Hace tiempo llegó a mis manos un relato supuestamente verídico que hoy quiero compartir con mis amables lectores (siempre he pensado que es más generoso el lector con el autor que a la inversa). Una anciana vivió en propia carne lo sucedido y lo contó a través de un periódico. Lamentablemente no puedo citar la fuente. El relato dice así:
Una señora mayor (en adelante, una vieja) se encuentra en un autoservicio. Va a la barra, pide un tazón de caldo, lo paga, lo deposita en una bandeja y se dirige a su mesa. Se sienta pero, cuando se dispone a tomar el caldo, se da cuenta de que no ha pedido pan. Se levanta, pide un bollo de pan, lo paga y regresa hacia su mesa. Pero, ¡sorpresa!, un hombre color (en adelante un negro), se encuentra tranquilamente tomándose su caldo. La viaje se dice: “no me dejaré robar”. Dicho y hecho, se sienta al lado del negro, parte apresuradamente el pan en pedazos, los miga dentro del tazón y se pone a comer lo que queda de caldo en su tazón. Seguidamente el negro se levanta y, segundos después, vuelve a la mesa con un abundante planto de espaguetis y dos tenedores.

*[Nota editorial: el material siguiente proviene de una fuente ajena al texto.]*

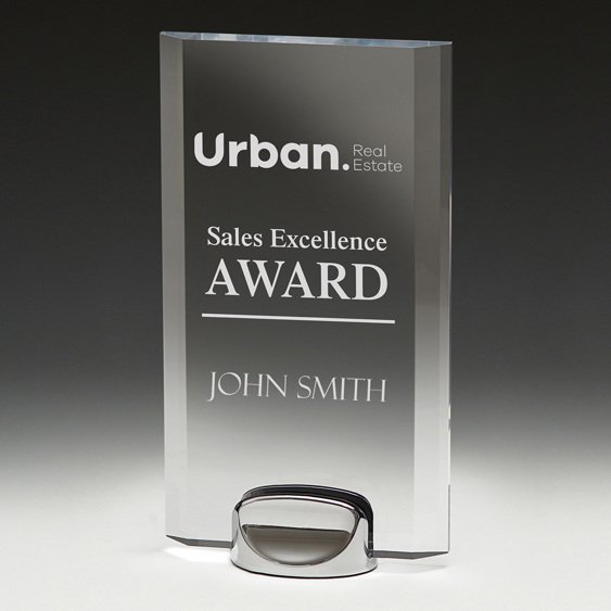 Rectangular acrylic award mounted to a polished metal base with a broad central engraving panel for corporate awards. The 15mm thick freestanding structure provides a balanced presentation suited to corporate awards in Sutherland Shire and Miranda.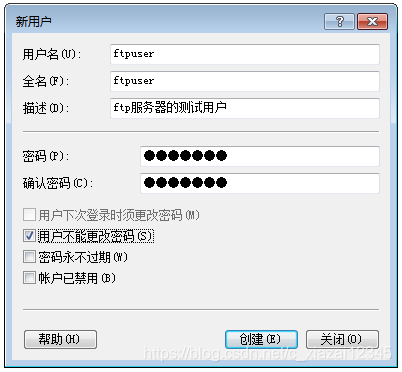 4. 輸入用戶名、全名、密碼、確認密碼、勾選用戶不能更改密碼,點擊創(chuàng)建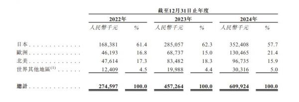 招股书显示,卧安科技产品主要面向海外市场,日本、欧洲、北美的销售额占比超过95%。其中,日本市场是最大销售来源。2022年、2023年及2024年,卧安机器人在该地区收入分别为1.68亿元、2.85亿元及3.52亿元,占总营收比重分别为61.4%、62.3%及57.7%。

- Señora, le invito a compartir este plato, dice el negro.
La vieja, sorprendida, se lo agradece y comienza a comer los espaguetis, alternándose con el negro, hasta que se acaban. Inmediatamente, el negro se levanta, se despide de la vieja y emprende camino hacia la puerta del local. La vieja, sin salir de su asombro, lo sigue con la mirada. Pero justo cuando el negro va a traspasar la puerta ella se da cuenta de que su bolso ha desaparecido. Piensa que la invitación ha sido una eficaz estrategia de distracción que ha dado lugar a una ingenua confianza. Pero, cuando se levanta para gritar “¡al ladrón!”, se da cuenta de que dos mesas más allá hay un tazón de caldo. Se acerca y comprueba que está lleno y que ya está frío. Es su tazón de caldo. Al lado de la mesa hay una silla con su bolso colgado. Se había equivocado de mesa cuando volvió de comprar el pan.